April 22 (Bloomberg) -- The Canadian dollar rose against the majority of its 16 most-traded peers as crude oil, the country’s largest export, rose for a third day and traders bet the country would be less affected by falling metal prices.
The currency strengthened versus the dollars of its fellow commodity exporters Australia and South Africa on speculation Canada will be least hurt by recent weakness in metals. Copper, nickel and gold have all fallen this year after gold posted its biggest daily drop in 33 years last week. It fluctuated against its U.S. counterpart as existing home sales in the U.S. fell 0.6 percent last month.
“There was a big sell-off in commodities the last couple weeks and I think some of the other typically commodity-based currencies like the Aussie and the kiwi probably got hit more percentage wise than the Canadian dollar,” said David Bradley, director of foreign-exchange trading in Toronto at Scotia Capital Inc., a unit the Bank of Nova Scotia, using the nicknames for the Australian and New Zealand currencies. “It’s not the Canadian dollar, it’s just the other currencies are softer against the Canadian dollar. The Canadian dollar is doing nothing.”

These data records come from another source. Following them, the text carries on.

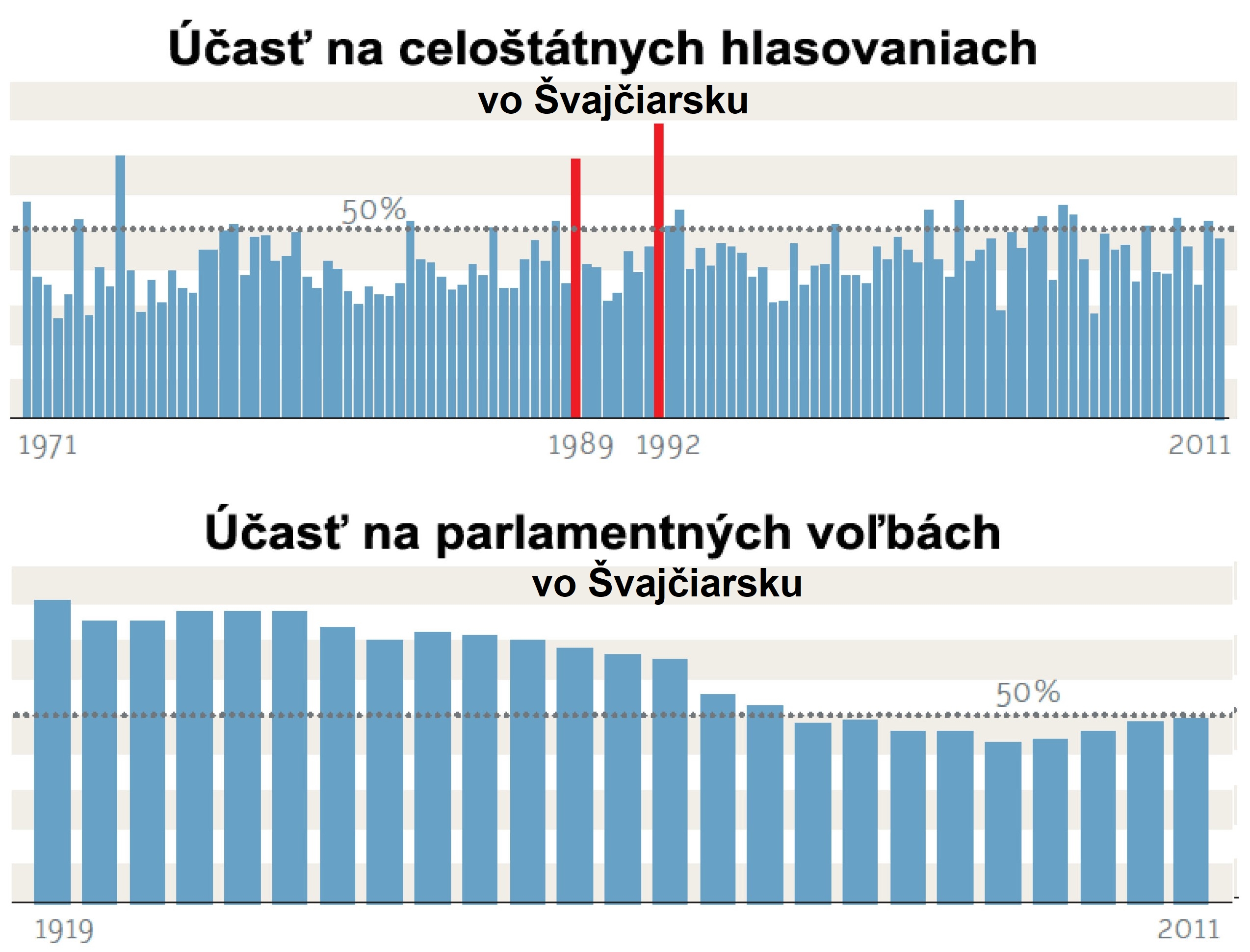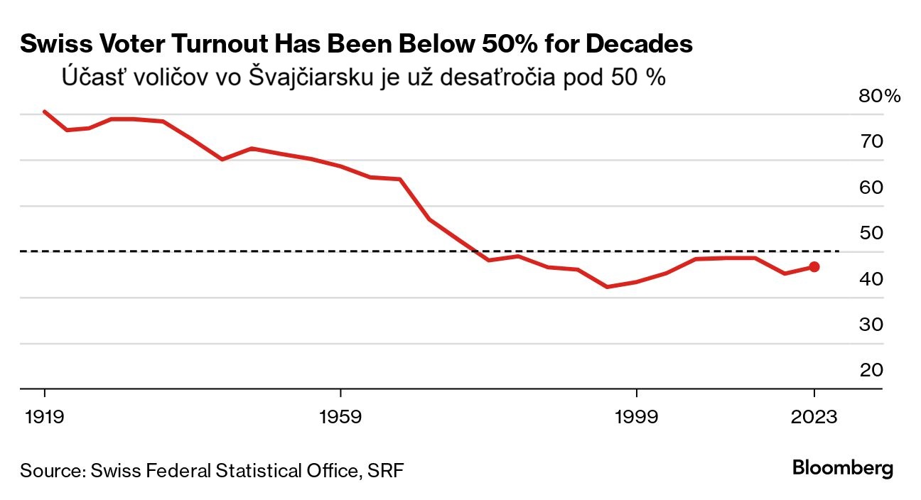 • Vo Švajčiarsku majú v referende nulové kvórum. Drvivá väčšina federálnych referend za obdobie 40. rokov bola s účasťou v priemere okolo 40-45%.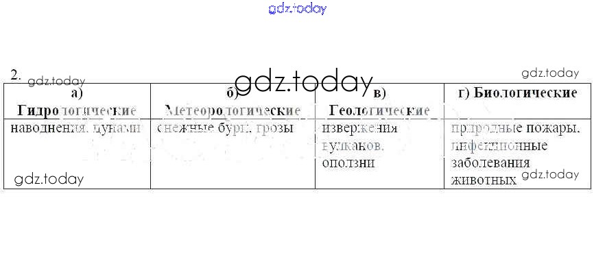 На страницах сайта gdz.today вы найдете учебный и вспомогательный материал, направленный на улучшения знаний школьной программы. ГДЗ - онлайн мир знаний Работа 1 Решение к теме 2. Общая характеристика природных явлений 2 Рабочей тетради по ОБЖ для 7 класса Демидов Лицей 2016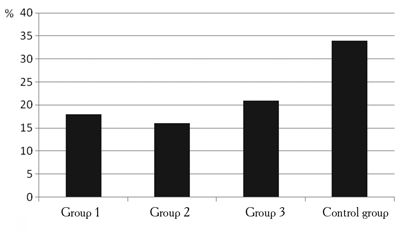Female students in the sections of interests (aerobics, fitness yoga, gym) during the experiment almost were ill very seldom, while in the CG students were more frequently absent from classes due to illness. This is confirmed by the data of the medical center: EG-1 - 18%; EG-2 - 16%; EG-3 - 21%. In CG, the index was 32% (Fig. 3).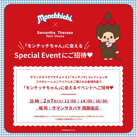 サマンサタバサプチチョイスと「モンチッチ」コレクションのコラボレーションアイテムを購入したお客様を、先着で「モンチッチちゃん」に会えるスペシャルイベントへ招待します。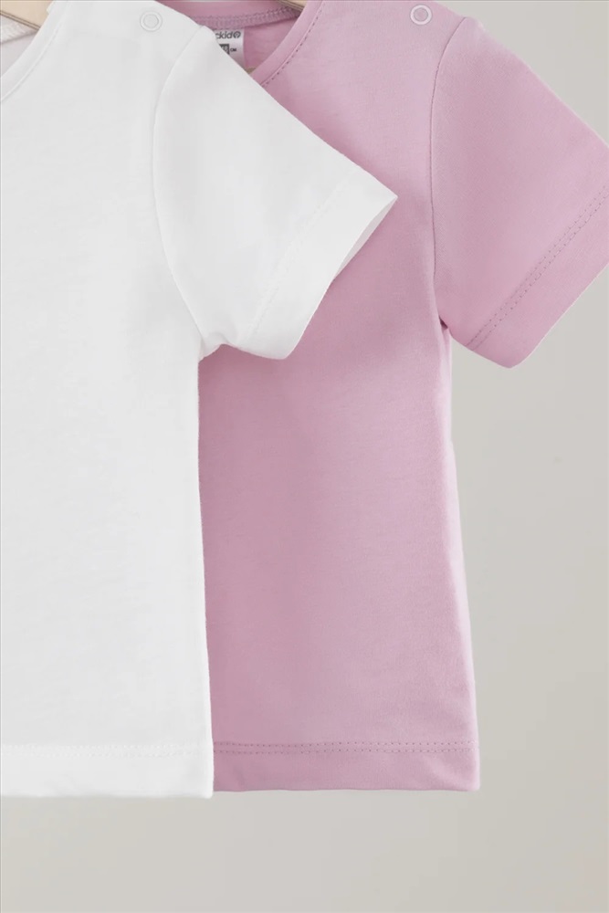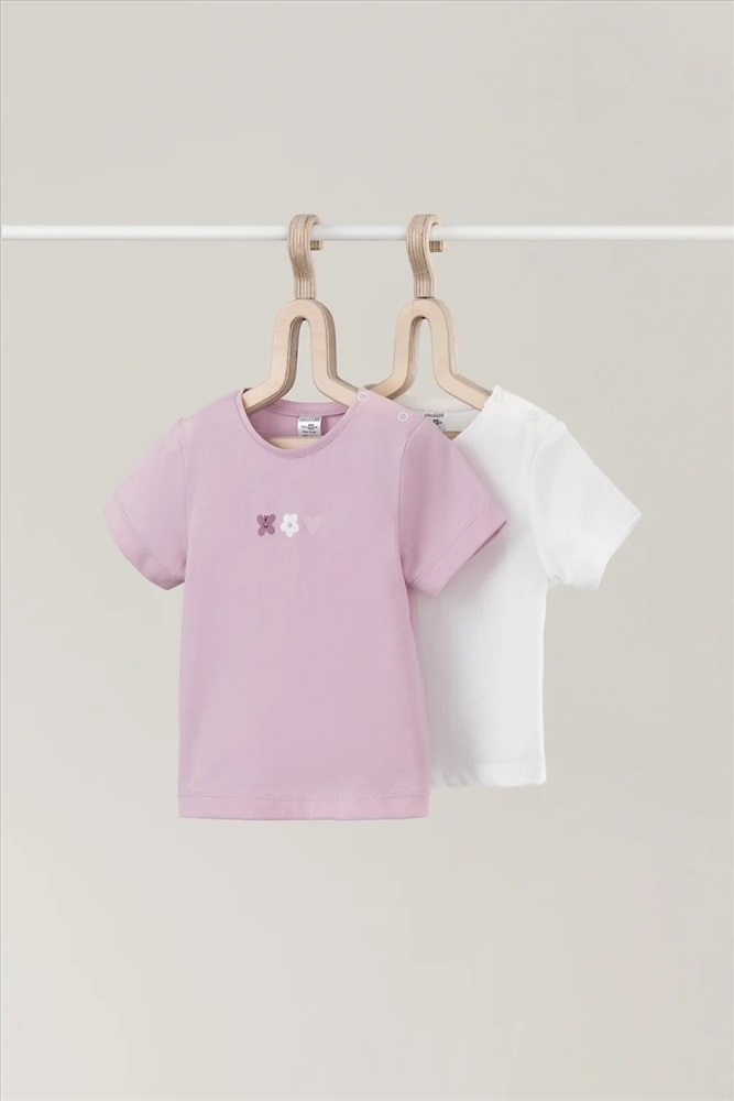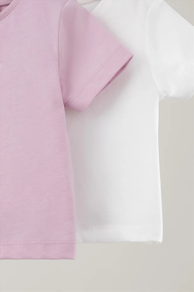 Футболки для девочки из высококачественного трикотажа супрем, произведённого из натурального хлопка. В упаковке 2 штуки. Для удобства на плече застёжка на кнопки. Все трикотажные полотна производятся в соответствии с нормами Швейцарского сертификата ЭкоТекс.

The loonie, as the Canadian dollar is known for the image of the aquatic bird on the C$1 coin, was little changed at C$1.0256 per U.S. dollar at 5:00 p.m. in Toronto. It reached C$1.0294 on April 17, the weakest level since March 13. One loonie buys 97.50 U.S. cents.
The cost to insure against losses in the Canadian dollar against its U.S. counterpart rose to almost the highest level in six weeks. The three-month so-called 25-delta risk reversal rate reached 1.13 percent. Risk reversals measure the premium on options contracts to sell Canadian dollars versus buying U.S. contracts that do the opposite.
Canada’s benchmark 10-year government bonds were little changed, with yields at 1.7 percent. The 1.5 percent security maturing in June 2023 gained 6 cents to C$98.13.
The Bank of Canada will auction C$3.3 billion ($3.2 billion) of 1.5 percent notes on April 24. The securities mature in August 2015.
Canada’s economy will lag behind global growth after outperforming in the last five years, held back by weaker commodity prices limiting growth in the resource sector and consumers paring back record debt, bond rating company Standard & Poor’s said in a report published April 19.
Crude oil, the country’s largest export, gained 0.9 percent to $88.76 per barrel while the S&P 500 Index of U.S. stocks advanced 0.5 percent.
The loonie traded at an almost six-week low against its U.S. peer as American home sales unexpectedly declined last month, indicating the Canadian economy won’t get help from its largest trading partner.
Purchases of previously owned homes in the U.S., tabulated when a contract closes, fell to a 4.92 million annual rate last month, figures from the National Association of Realtors showed today in Washington. The median forecast of 75 economists surveyed by Bloomberg projected sales would increase to a 5 million rate.
“The fact that we seem to be hitting a bit of a soft patch in U.S. data, this morning’s release confirms that, suggests we could be entering a phase where we see a little bit more risk-on/risk-off dynamics in the market, so in that sense weak U.S. data would actually be CAD negative,” said Greg T. Moore, currency strategist at Toronto-Dominion Bank, by phone from Toronto. “The Canadian recovery is sort of built on an export-driven thesis, and that primarily is built on U.S. demand, so if we don’t have the U.S. demand we don’t have a Canadian recovery.”
Weaker-than-forecast exports and business spending caused the Bank of Canada to cut its 2013 economic growth forecast last week to 1.5 percent from 2 percent as it left interest rates unchanged.
Copper futures have fallen 12 percent this year, while nickel declined 10.4 percent and futures contracts on 100 ounces of gold has fallen 15 percent.
Miners and energy explorers account for 8 percent of the Canadian economy compared to Australia where almost one-in-ten Australian jobs is tied to resource extraction, mainly mining, and industries that service it, a central-bank paper showed Feb. 20.
“From a monetary-policy perspective, as well as the external environment in Australia, Canada looks in slightly better shape and I do think there’s scope for relative Canadian dollar out-performance, albeit more so Australian dollar under-performance,” said Jeremy Stretch, head of currency strategy at Canadian Imperial Bank of Commerce in London.
The Canadian dollar has lost 0.7 percent this year against nine other developed-nation currencies tracked by the Bloomberg Correlation Weighted Index. The Australian dollar has risen 1.7 percent and the New Zealand dollar has gained 5 percent.